- _Listed records_:
■ ■ ■ ■ ■
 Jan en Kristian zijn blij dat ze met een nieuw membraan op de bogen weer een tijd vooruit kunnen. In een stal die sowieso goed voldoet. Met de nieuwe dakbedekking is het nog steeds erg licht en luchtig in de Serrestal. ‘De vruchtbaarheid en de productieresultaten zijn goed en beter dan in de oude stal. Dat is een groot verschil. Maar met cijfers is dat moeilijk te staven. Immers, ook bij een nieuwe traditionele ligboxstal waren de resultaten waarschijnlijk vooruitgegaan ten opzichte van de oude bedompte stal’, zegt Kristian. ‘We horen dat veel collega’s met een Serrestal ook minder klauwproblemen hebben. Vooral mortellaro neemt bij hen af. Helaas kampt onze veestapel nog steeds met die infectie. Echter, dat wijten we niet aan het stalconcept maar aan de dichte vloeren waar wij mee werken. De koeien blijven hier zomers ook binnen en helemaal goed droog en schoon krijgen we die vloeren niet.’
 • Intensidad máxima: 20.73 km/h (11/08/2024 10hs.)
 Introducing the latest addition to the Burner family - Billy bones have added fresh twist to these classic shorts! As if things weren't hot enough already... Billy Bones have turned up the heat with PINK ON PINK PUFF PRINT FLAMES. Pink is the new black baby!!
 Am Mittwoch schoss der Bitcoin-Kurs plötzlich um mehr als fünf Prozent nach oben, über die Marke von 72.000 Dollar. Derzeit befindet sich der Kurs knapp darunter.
■ ■ ■ ■ ■
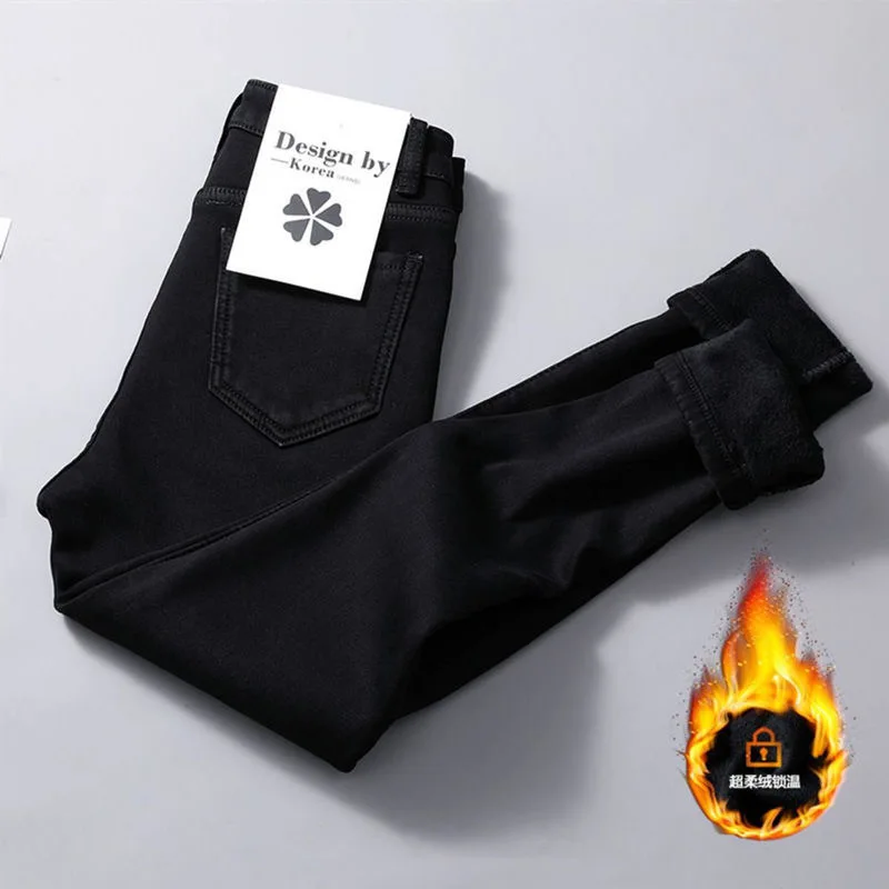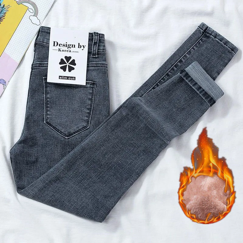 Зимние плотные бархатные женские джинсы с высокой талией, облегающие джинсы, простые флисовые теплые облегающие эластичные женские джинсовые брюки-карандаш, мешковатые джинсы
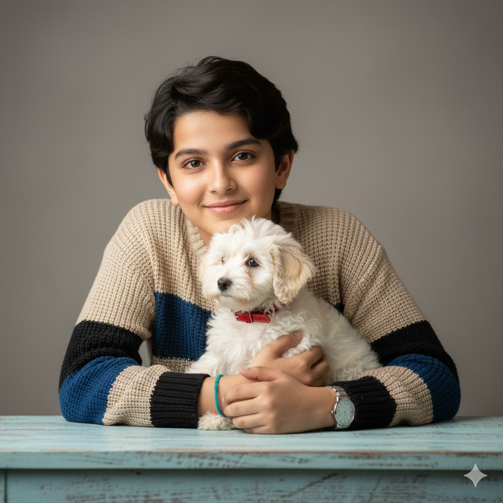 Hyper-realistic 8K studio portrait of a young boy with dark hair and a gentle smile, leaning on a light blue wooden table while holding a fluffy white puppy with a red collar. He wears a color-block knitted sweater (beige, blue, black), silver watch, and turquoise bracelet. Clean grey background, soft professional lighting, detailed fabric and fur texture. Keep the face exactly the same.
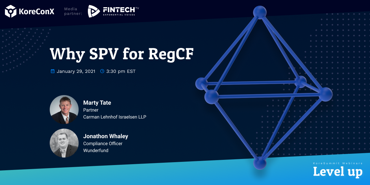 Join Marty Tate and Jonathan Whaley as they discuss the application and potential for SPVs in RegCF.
■ ■ ■ ■ ■
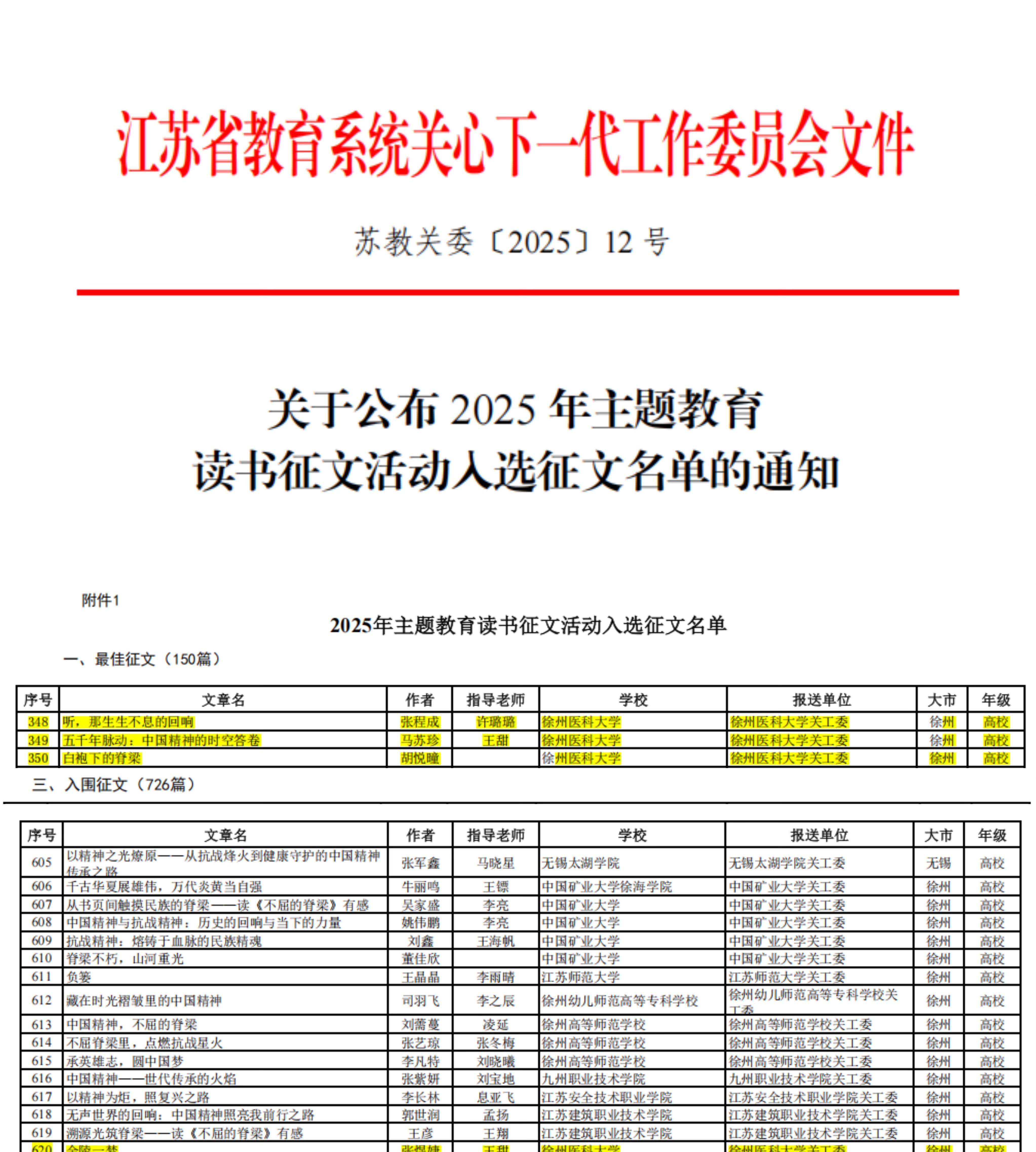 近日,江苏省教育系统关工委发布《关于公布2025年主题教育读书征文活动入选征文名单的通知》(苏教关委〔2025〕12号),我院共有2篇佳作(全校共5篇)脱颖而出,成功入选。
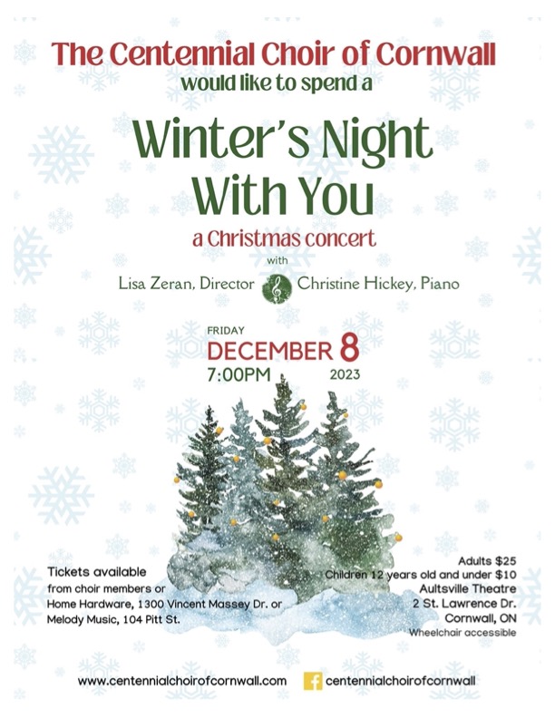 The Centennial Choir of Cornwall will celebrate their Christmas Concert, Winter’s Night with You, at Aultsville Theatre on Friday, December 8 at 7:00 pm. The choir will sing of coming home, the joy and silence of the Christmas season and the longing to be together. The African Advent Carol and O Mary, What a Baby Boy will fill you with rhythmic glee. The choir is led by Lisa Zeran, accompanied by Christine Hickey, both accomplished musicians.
■ ■ ■ ■ ■
- _Work instruction_: Using the data above, print exactly the lines from the line that contains "Jan en Kristian" through the line that contains "km/h (11/08/2024 10hs.)", with both included.

- _Answer space_:
 Jan en Kristian zijn blij dat ze met een nieuw membraan op de bogen weer een tijd vooruit kunnen. In een stal die sowieso goed voldoet. Met de nieuwe dakbedekking is het nog steeds erg licht en luchtig in de Serrestal. ‘De vruchtbaarheid en de productieresultaten zijn goed en beter dan in de oude stal. Dat is een groot verschil. Maar met cijfers is dat moeilijk te staven. Immers, ook bij een nieuwe traditionele ligboxstal waren de resultaten waarschijnlijk vooruitgegaan ten opzichte van de oude bedompte stal’, zegt Kristian. ‘We horen dat veel collega’s met een Serrestal ook minder klauwproblemen hebben. Vooral mortellaro neemt bij hen af. Helaas kampt onze veestapel nog steeds met die infectie. Echter, dat wijten we niet aan het stalconcept maar aan de dichte vloeren waar wij mee werken. De koeien blijven hier zomers ook binnen en helemaal goed droog en schoon krijgen we die vloeren niet.’
 • Intensidad máxima: 20.73 km/h (11/08/2024 10hs.)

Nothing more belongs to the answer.